[rfc-i] use cases for page breaking hints, Re: Update on the plain text thread(s)

Julian Reschke julian.reschke at gmx.de
Fri Jun 27 06:02:41 PDT 2014


On 2014-06-27 14:43, Dearlove, Christopher (UK) wrote:
> For the second case. (Apologies if some of this is grandmother egg-sucking, but I wasn't sure where to stop assuming, so I have "explained" things I'm sure you know better than me.)
>
> Well, the functionality is there in most word processors like Word.
>
> A typical simple use case is that I have an IANA section that goes
>
> Table 1 describes the A characteristic ...
>
> Table 1
>
> Table 2 describes the B characteristic ...
>
> Table 2
>
> Etc.
>
> Now suppose that the tables are kept unbroken. It's just cleaner and easier if the text describing the table is above it on the same page, rather than possibly on the previous page. Typically that costs no more pages, and is just easier to read. And with the right capability, painless to do.
>
> (There are probably better examples, that will do for now.)

In xml2rfc, you could use the <preamble> element.
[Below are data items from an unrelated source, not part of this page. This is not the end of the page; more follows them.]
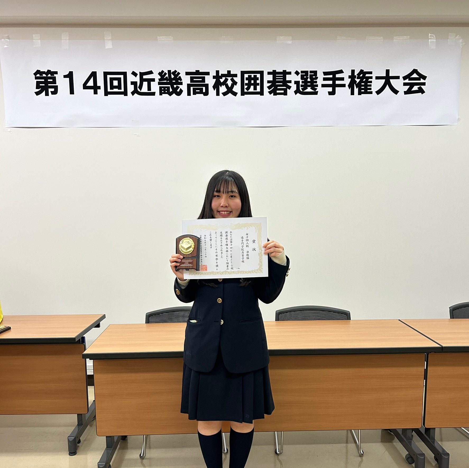 12月20日(土)21日(日)に灘校等学校で行われた上記大会に参加しました。個人戦(女子の部)に参加した生徒が準優勝となり、3月21日(土)に大阪商業大学で行われる第20回全国高等学校囲碁選抜大会への出場を決めました。同大会への出場は本校からは初出場となります。また、団体戦(女子の部)は残念ながら入賞には届きませんでしたが、近畿他府県の生徒と親睦を深めるよい機会となりました。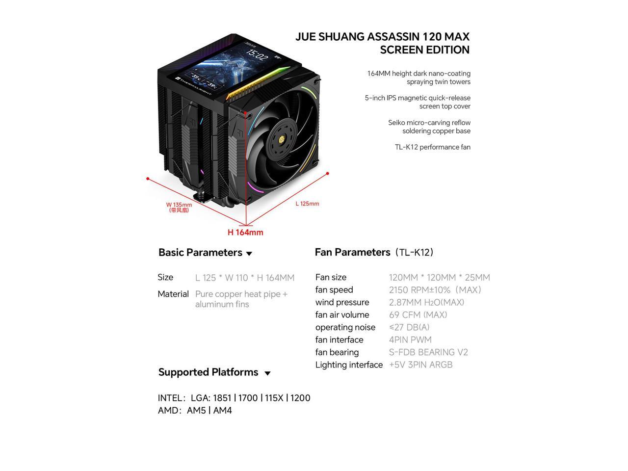 Thermalright Peerless Assassin 120 Vision MAX ARGB CPU Cooler, 5 Inch LCD, TL-K12 2150RPM 120mm Fans, for AMD AM4/AM5, Intel 1851/1700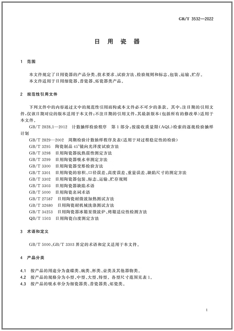 GB/T 3532-2022日用瓷器 【PDF 电子版】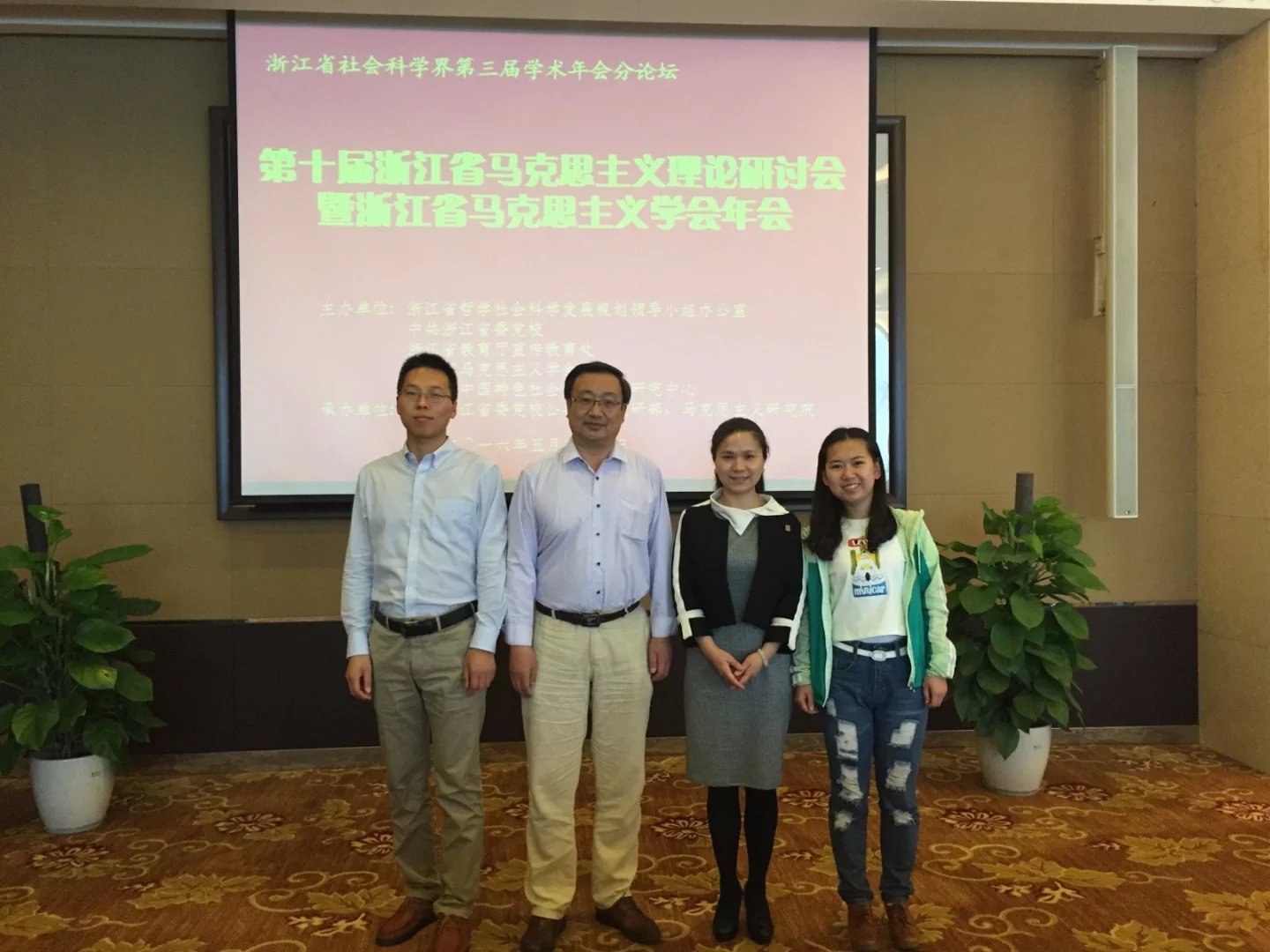 肖东波教授、黄秀蓉副研究员、尚延波和王宁宇2位研究生参加了会议。肖东波教授作为点评专家对大会发言作了精彩点评,黄秀蓉、王宁宇撰写的《“四个全面”背景下的高校基层服务型党组织建设研究》和尚延波撰写的《习近平治国理政思想探赜》两篇论文荣获2016年“第十届浙江省马克思主义理论研讨会”优秀奖。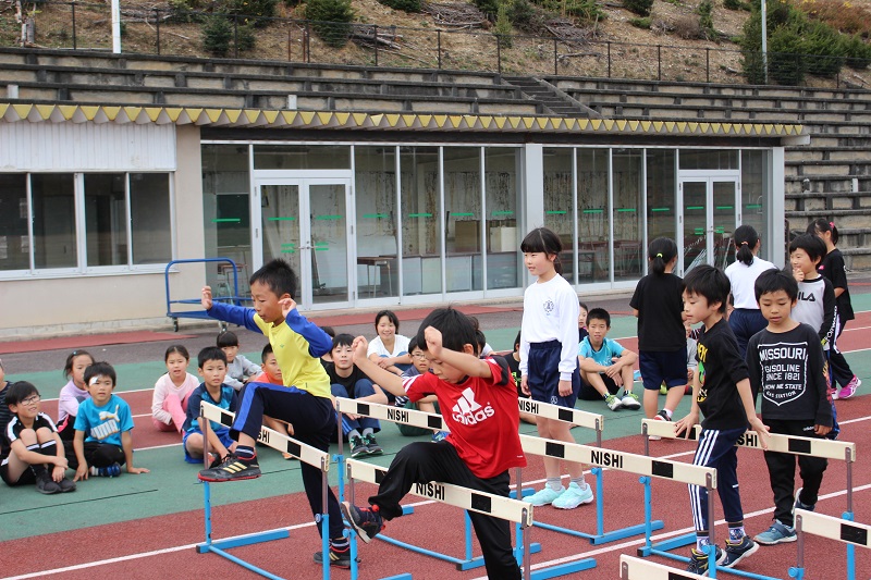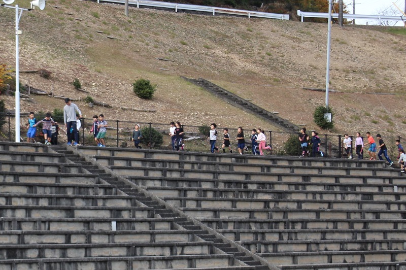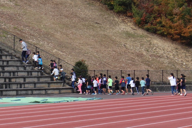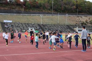 低学年と高学年に分かれて競争をしました。高学年では何人かが和戸選手に勝利!ハンデありとはいえ、勝つことは嬉しいですね!走り終わった後は達成感の笑顔で溢れていました。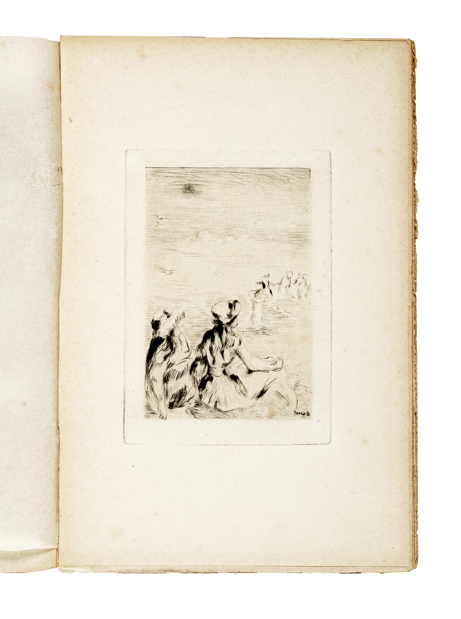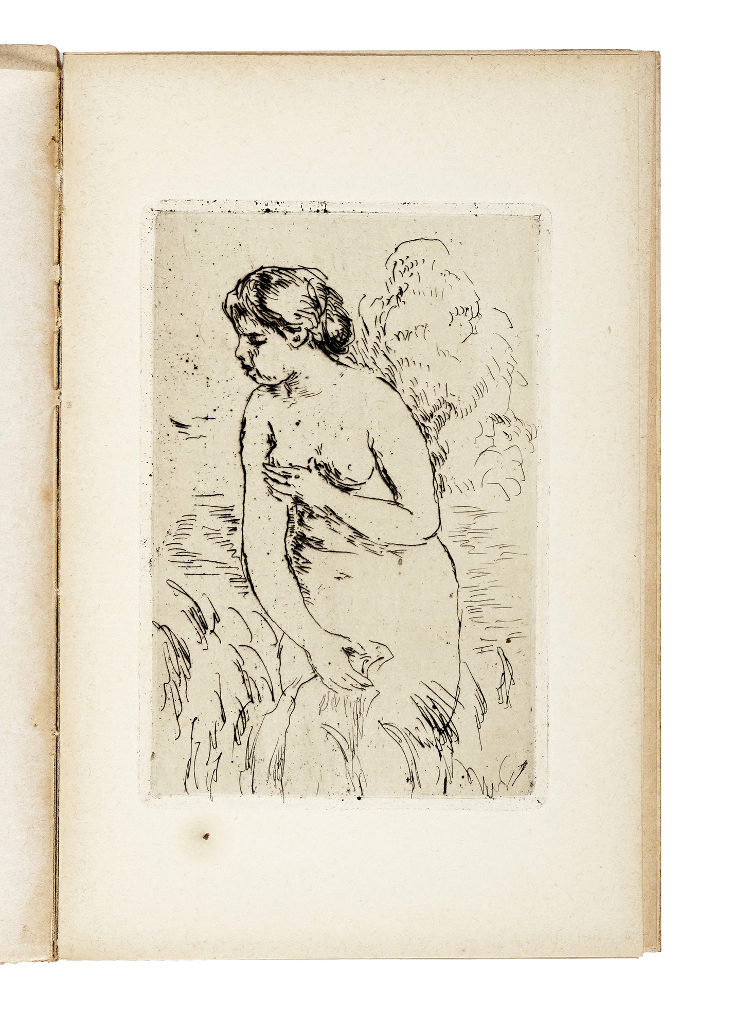 In-4° (mm 252x165). Pagine [4], 149, [5] con 16 tavole fuori testo in bianco e nero, di cui 3 acqueforti originali: due di Pierre Auguste Renoir (Jeunes filles e Baigneuse) e una di Jean-Baptiste Armand Guillaumin (En Hollande), tutte protette da velina. Buona copia in barbe, con fioriture sparse che coinvolgono, tra le altre, le veline e una delle tavole. Brossura editoriale con titoli al piatto anteriore e al dorso. Quest'ultimo presenza evidenti fragilità, anche alle cerniere, e una mancanza in prossimità della cuffia superiore. (1) Seconda edizione di questa prima storia dell'Impressionismo.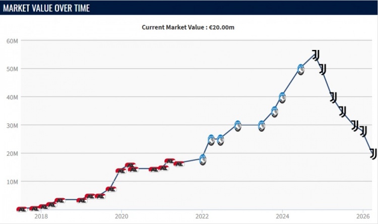 2024年夏窗庫普梅納斯加盟尤文時(shí),身價(jià)達(dá)到巔峰(5500萬歐)。當(dāng)時(shí)他的轉(zhuǎn)會費(fèi)總價(jià)最高可達(dá)6070萬歐,德轉(zhuǎn)目前顯示這筆轉(zhuǎn)會交易的費(fèi)用為5840萬歐。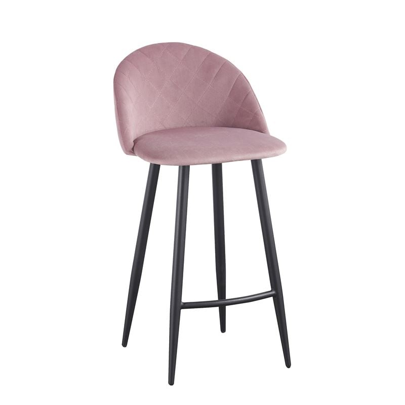 ΕΜ758,1 BELLA Σκαμπό BAR Μεταλ.Μαύρο/Ύφασμα Velure Dirty Pink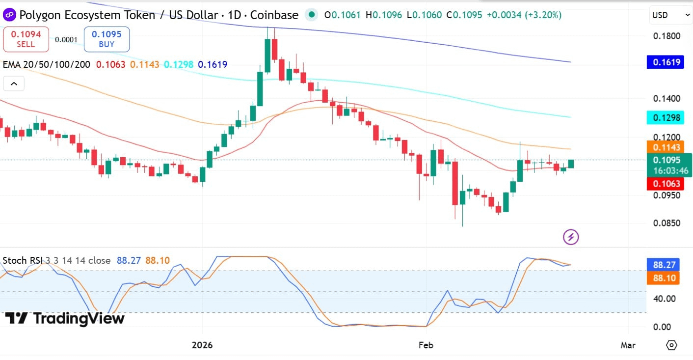 $POL đang giao dịch trong một biên độ rất hẹp nhưng đã bảo vệ thành công vùng hỗ trợ sinh tử $0.10. Bằng việc lật ngược đường trung bình động ngắn hạn EMA20, altcoin này hiện đang giao dịch quanh mức $0.108 tăng 4.06% trên biểu đồ ngày, được hậu thuẫn bởi mức tăng 17% về khối lượng giao dịch minh chứng cho hoạt động on-chain đang bùng nổ.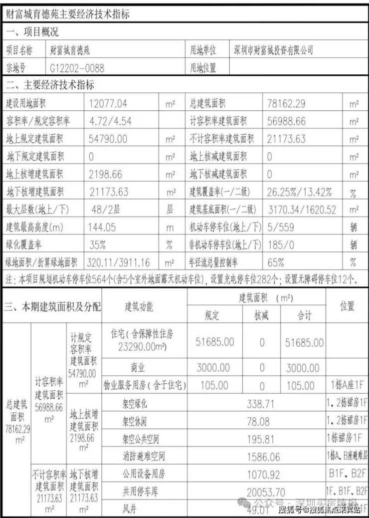 财富城育德苑:占地面积约1.2万㎡,总建筑面积约7.8万㎡,计容建筑面积5.7万㎡,容积率4.72,绿化率35%,共由2栋3座住宅组成,其中1栋A座住宅48F,1栋B座住宅42F,2栋住宅26F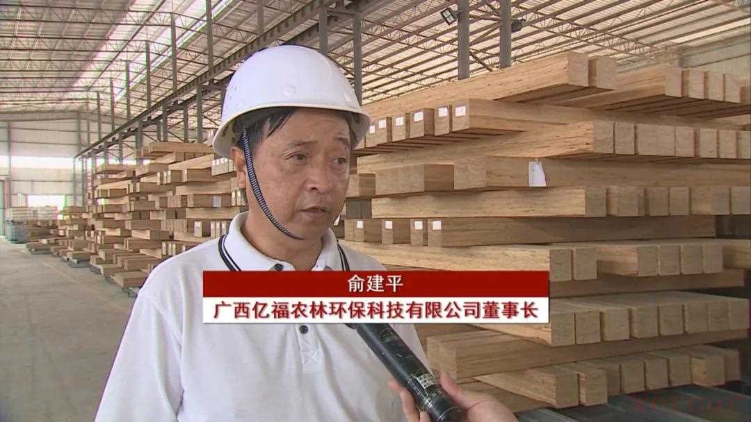 广西亿福农林环保科技有限公司董事长 俞建平 :国家发改委2020年度把我们企业列入绿色计划100项第38项,是木材行列全中国唯一的一家企业,目前我们的产品是供不应求的,也代表了中国木材制造的最高水平,我们的产品价值在原来的横板三合板的基础上,我们是翻了几番的产值。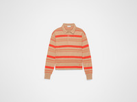 Knitted striped rugby polo top in contrast biscuit matte cotton and high-shine viscose, featuring anchor logo embroidery with horn buttons. Details - Colour: Biscuit - Composition [Main]: 45% Cotton, 29% Viscose, 26% Wool - Made in: Italy - Model [Wears]: Size M, 189cm Tall - SKU: KW1521YN0457145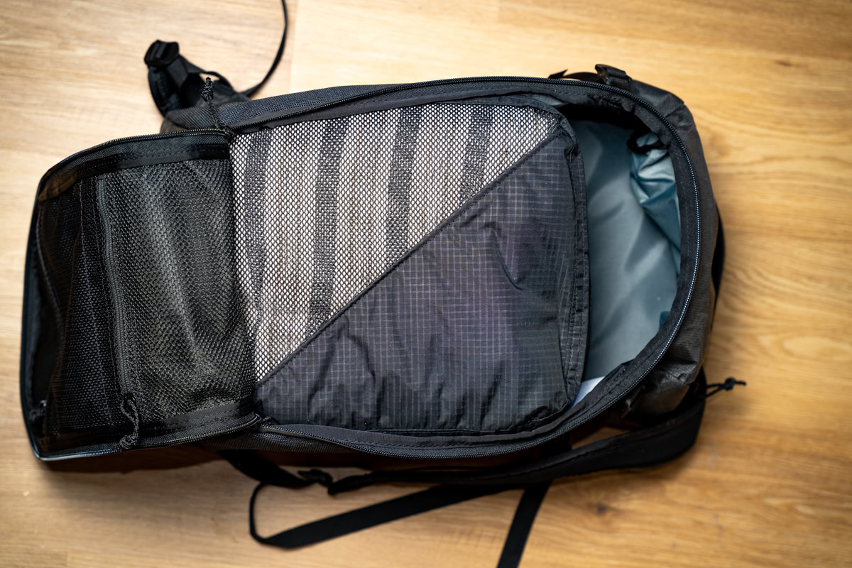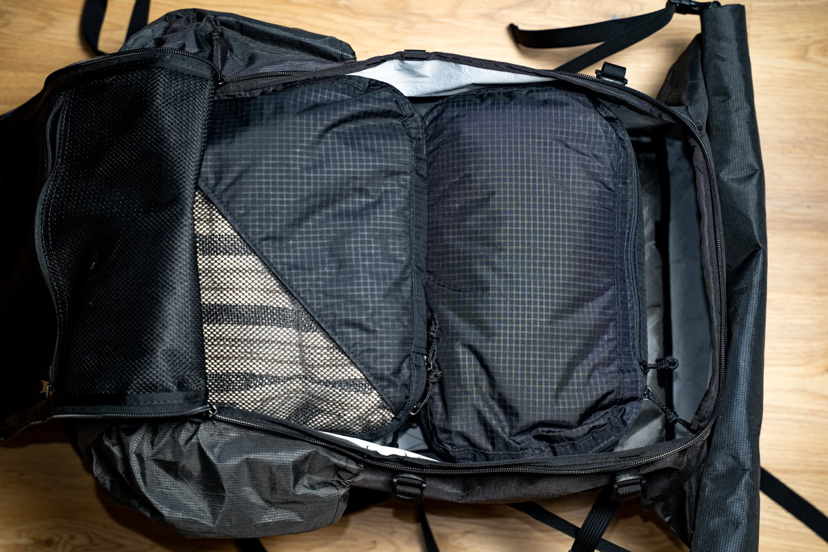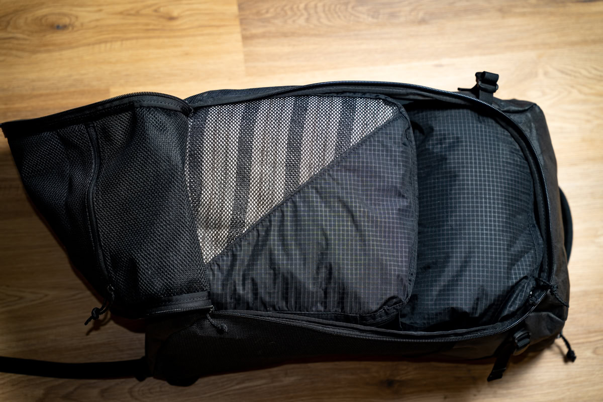 When testing the real world results of what all these liters and measurements mean we found the simple answer is: 6 days of clothes before you need a laundry stop. One large cube held six large T-shirts, six pairs of socks, and six pairs of underwear with room to breathe. The second carried two pairs of pants, two pairs of shorts, and two button-down shirts, giving you enough outfit options for a six-day trip with zero stress. This loadout also leaves plenty of room in the pack for bulkier stuff like jackets, electronics, toiletries and your laptop.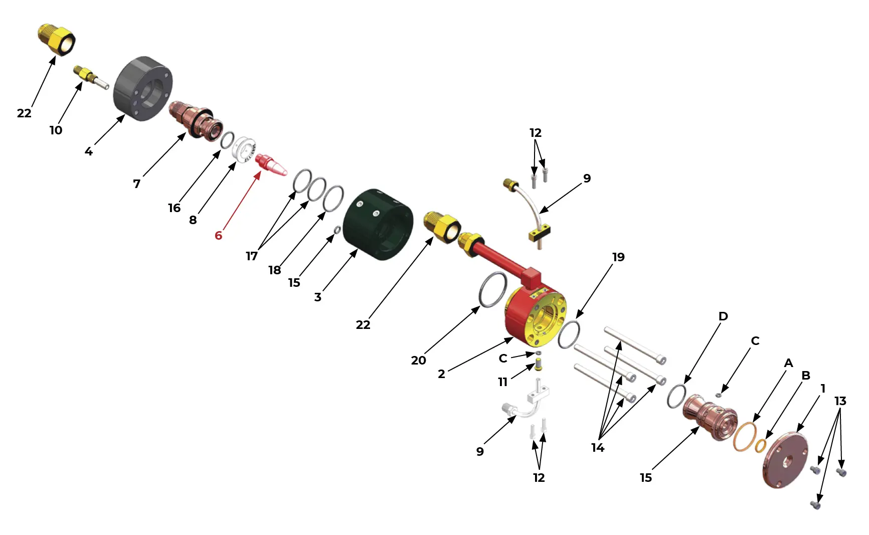 | 18 | IRS-300012 | O-RING, MIDDLE TORCH HSG, CATHODE HOLDER SEAL | 2-024S | 307.042 |

> So in Word etc. I'd tag the paragraph above the table with "keep with next".
>
> I would guess this as an attribute of a <t> and maybe some other things. There is however a problem compared to my example, which is that my example the first thing is a simple paragraph. A <t> can have all sorts of structure. There's typically another concept, keeping lines together, which does make sense with a <t>. But do I have to have one without the other? This is why I don't have anything like a fully worked out suggestion.
>
> I did once talk to the coder of an obscure word processor. The basic keep with next concept for him was
>
> A is being kept together with B (we implicitly assumed A and B wouldn't break - I realise that's the devil in the details)
>
> If A and then B will fit on the current page, do that.
>
> If not, but A and B will fit together on the next page, page break and do that.
>
> If not, put A on this page and B on next (i.e. ignore keep).
>
> I think the basic keep together process is similar. It's the interaction that's harder to define.

The problem here is that "keep together" isn't always the right answer. 
If the result is that we end up with an almost empty page, I'd rather 
prefer the page break to appear between introduction and table, or even 
the table to be broken if it's sufficiently long.